Herb-Crusted Pot Roast in the Crock Pot

I wasn't in the mood for a big birthday party this year because I have so much going on with school this semester, so instead I decided to celebrate with a small dinner party at home.  Since I was feeling a little overextended, I decided to make something that would impress my guests without involving a ton of work on my part.  Enter the slow cooker!  I love being able to do a little bit of prep early in the day and then have dinner ready when I need it.  This pot roast with herbs and sweet onions is melt-in-your-mouth tender and has great flavor, all for maybe 15-20 minutes of work.  I served it with roasted carrots (cooked separately in the oven a few minutes before the roast was done) and good bread from the grocery.  The leftovers were really tasty too, especially with some blue cheese crumbled on top.
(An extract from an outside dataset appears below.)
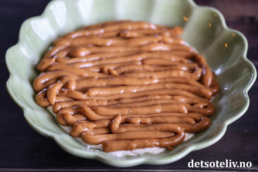 Ha dulce de leche i en sprøytepose og sprøyt den utover kremosten. Jevn til overflaten. (Karamellkremen kan også smøres over kremosten med en kniv).

Herb-Crusted Pot Roast in the Crock Pot (adapted from Yammie's Glutenfreedom, original recipe here)
Serves

Beef chuck roast (I used two, 6 pounds total)
Salt and pepper
Oil
Lots of chopped herbs: I used a few sprigs each of thyme, oregano, rosemary, and tarragon)
1 large yellow onion

1. Season the meat generously with salt and pepper on both sides.
2. In a large skillet, heat just enough oil to coat the bottom over medium high heat.  Add the meat (working in batches if necessary), and cook for a few minutes on each side, until nicely browned.  Be very careful when flipping, as the oil will spatter.
3. Scatter some of the herbs in the bottom of the crockpot.  Place the beef in the crockpot, and then scatter the rest of the herbs on top.  (If you're using two roasts, scatter some herbs between them as well.)
4. Cut the onion into medium-thick slices, and then scatter all over the meat.
5. Cover and cook on low for 8 hours.